Guest freelygiven Posted February 25, 2016 Posted February 25, 2016 It'd be nice to prove their existence scientifically, but with all these cards stacked against you, it's almost like flying by the seat of your pants out there, hoping for a lucky break. I'm pulling for you!
Guest Crowlogic Posted February 25, 2016 Posted February 25, 2016 If Matt Johnson is still peddling portals then bigfoot science hasn't been stalled, it's actually backsliding.
southernyahoo Posted February 25, 2016 Posted February 25, 2016 Georgerm, BF may be close enough that it falls within normal human variation. Since we are not perfectly identical, we probably are more different than .1 % among our own species. So finding where the difference is between us and BF would be critical, and it may be in the nuDna and not the mtDNA where Barcode species ID is done.
norseman Posted February 26, 2016 Admin Posted February 26, 2016 Chimps are 98% human genetically, so the DNA , if from a bigfoot will be closer than that with all their human like physical form. Ketchum could be easily right, without the proof. Not that bigfoot is a man bear, but that they are a wildman, as she proposed they are. Ain't it funny how easily you forget that? ================================================ 98.9% to be exact...... But then again Humans share like 50% of their DNA with a Banana. So that 1.1% is really not as close as it seems. Have you considered that Sasquatch could be a bipedal form evolved from Asian apes and more closely related to an Orang? whatever it is? The answer is not in Ketchums paper thats for sure.
southernyahoo Posted February 26, 2016 Posted February 26, 2016 Yes, the 1.1% is a large difference because it matters where the differences are and what they do.
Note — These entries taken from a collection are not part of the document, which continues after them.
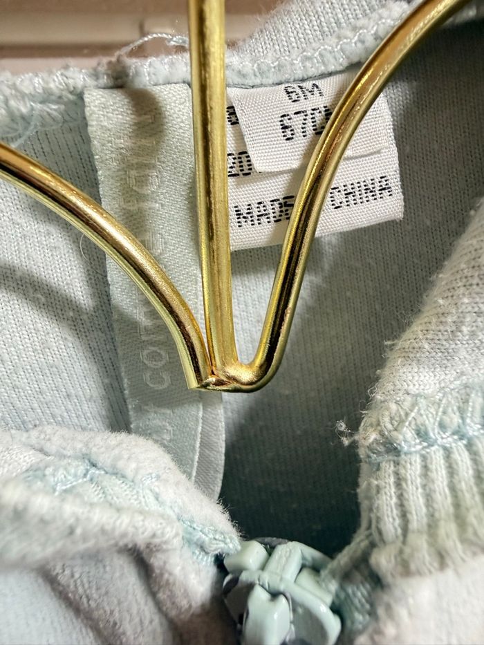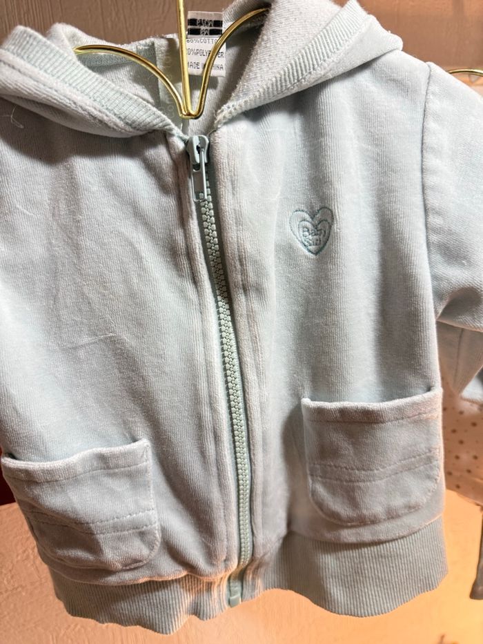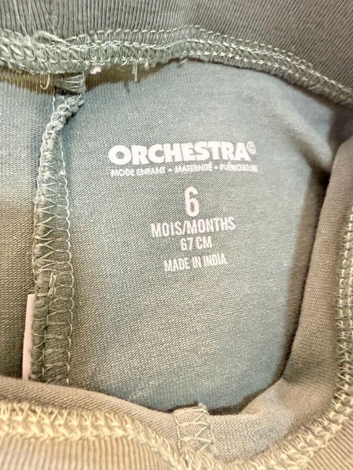 Adorable ensemble bébé tout doux 💚 Comprend : • Legging vert sauge orchestra • T-shirt manches longues blanc à petits motifs kimbaloo • Gilet zippé en velours avec poche tout compte fait Matière confortable et agréable à porter. Parfait pour la mi-saison 🌸 Taille 6 mois Très bon état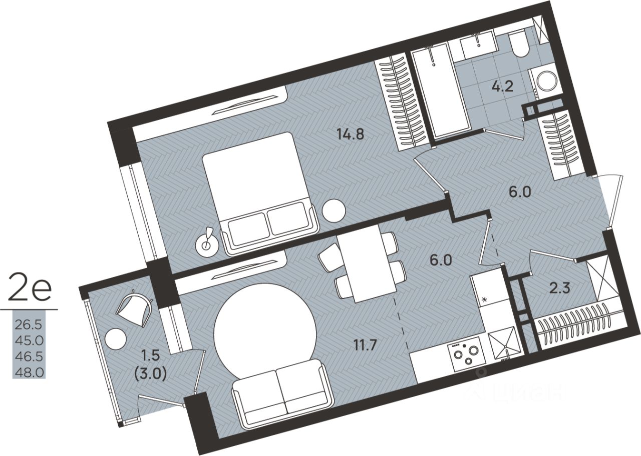 Общая площадь46,5 м2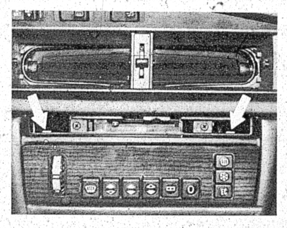 5 Lift both clamps (arrow) with a pointed tool and pull out complete pushbutton switch unit.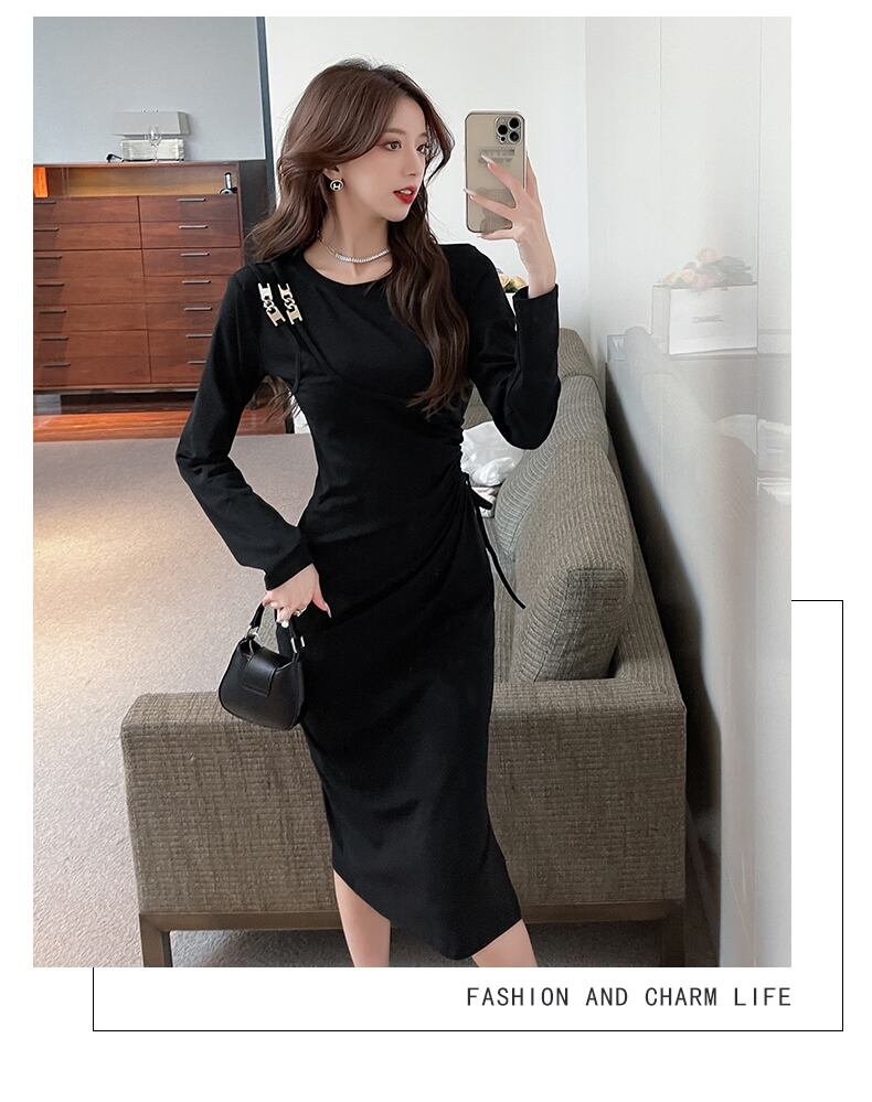 2022 新秋ドレス気質女神ファンデザインセンスニッチ中空アウトウエストセクシーなスリット長袖ドレス女性 ロング オータム 秋物 yingd20975009565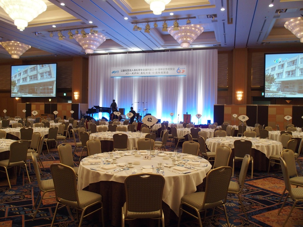 会場は高松駅前にあるJRホテルクレメント高松内のパーティー場にてで、そもそも広い空間である部屋を2つ更に繋げていて、それは膨大な空間が用意されていました。テーブルや椅子の数を見ても、相当な人数がお越しになる事は容易に想像出来ており、さぞ大きなパーティーなのだと思います。ここに呼ばれる Tsukasa さんも流石ですが、自分としても大いにサポートしていきたいところです。入念にリハーサルを行い、本番に備えました。
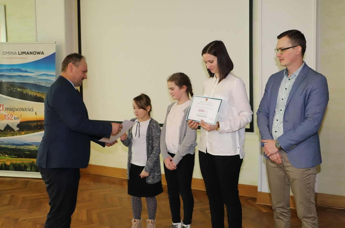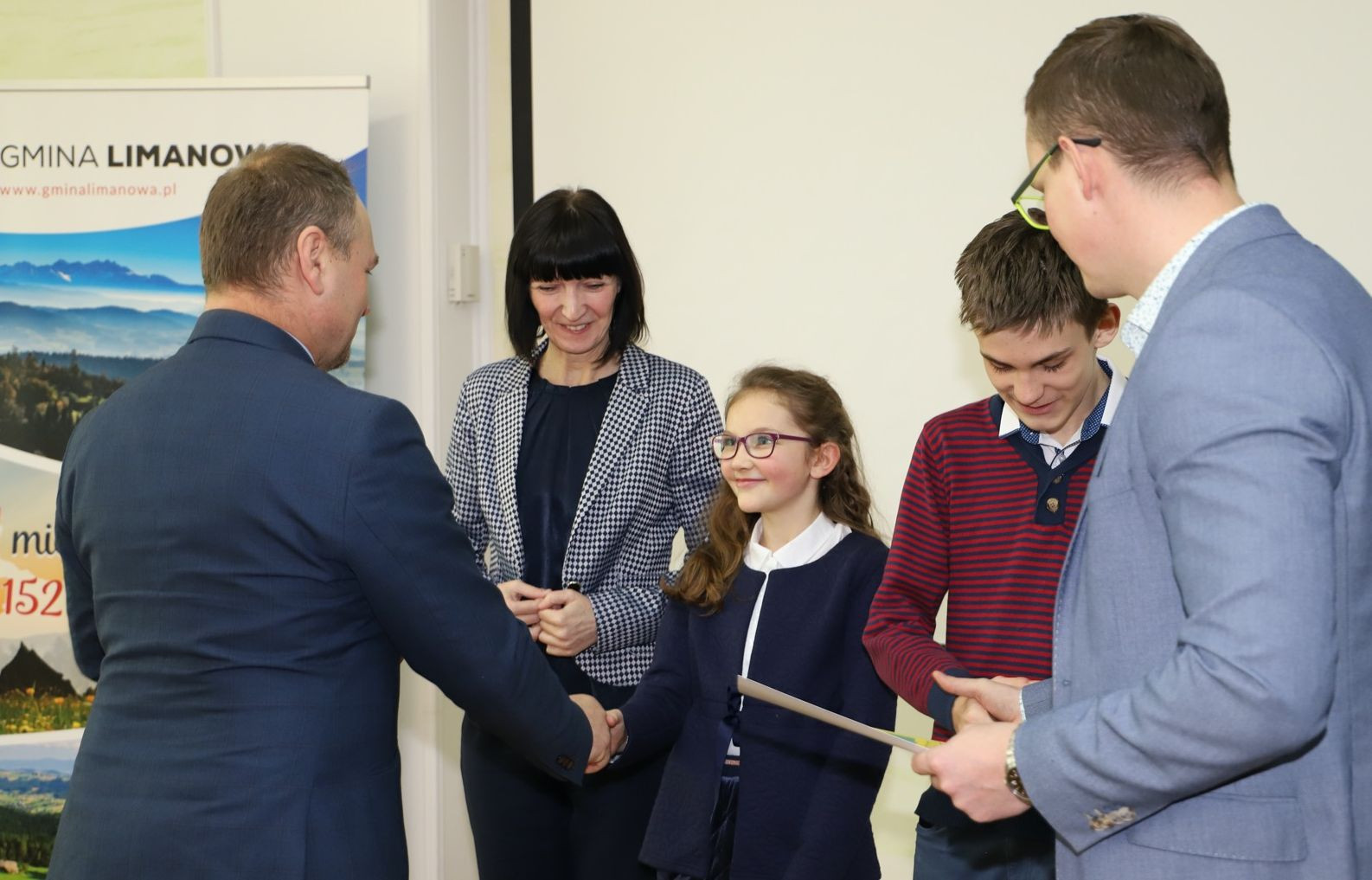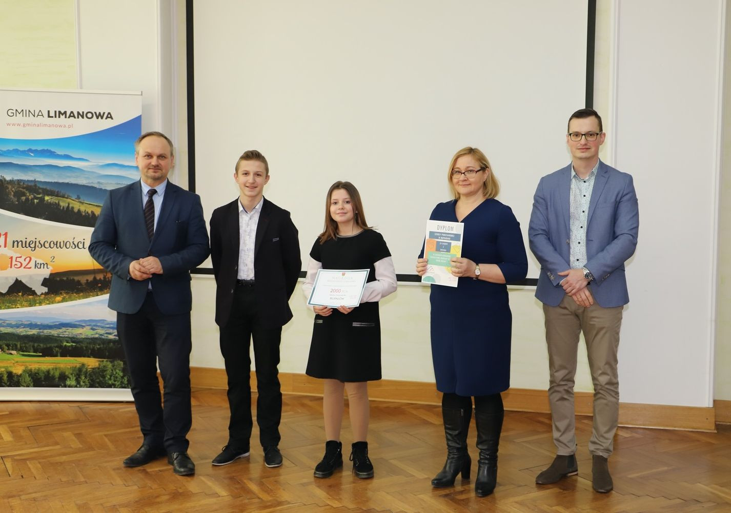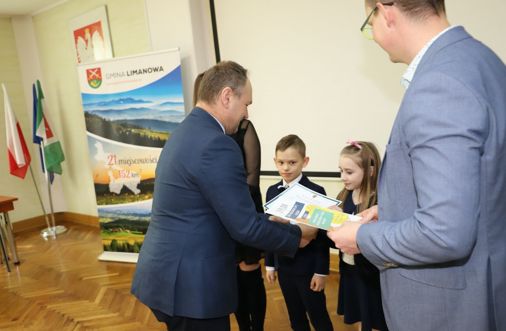 Nagrody przedstawicielom szkół biorących udział w Konkursie wręczał Wójt Gminy Limanowa Jan Skrzekut, który był fundatorem nagród pieniężnych. Wraz z Wójtem w podsumowaniu Konkursu wzięli udział inicjatorzy i koordynatorzy przedsięwzięcia - Kierownik Wydziału Gospodarki Komunalnej, Mieszkaniowej i Komunikacji w Urzędzie Gminy Limanowa Adam Górszczyk oraz Dyrektor Gminnego Zespołu Obsługi Szkół Edyta Król.

It doesn't take very much to make a new species of hominin. Just a couple of mutations in the FOXP2 gene in humans totally switches off vocal language ability. 1
norseman Posted February 26, 2016 Admin Posted February 26, 2016 http://arstechnica.com/science/2013/07/an-honest-attempt-to-understand-the-bigfoot-genome-and-the-woman-who-created-it/1/ Best Ketchum article I've read yet. It explains it all quite clear, as to the x's and o's of how the train derailed from the tracks. As well as the damning evidence that Melba interpreted her data the way she did because she was attempting to protect the forest people from being shot. The cart is in front of the horse. Wanna know why Bigfoot science has stalled!!??? Because of horse manure like this.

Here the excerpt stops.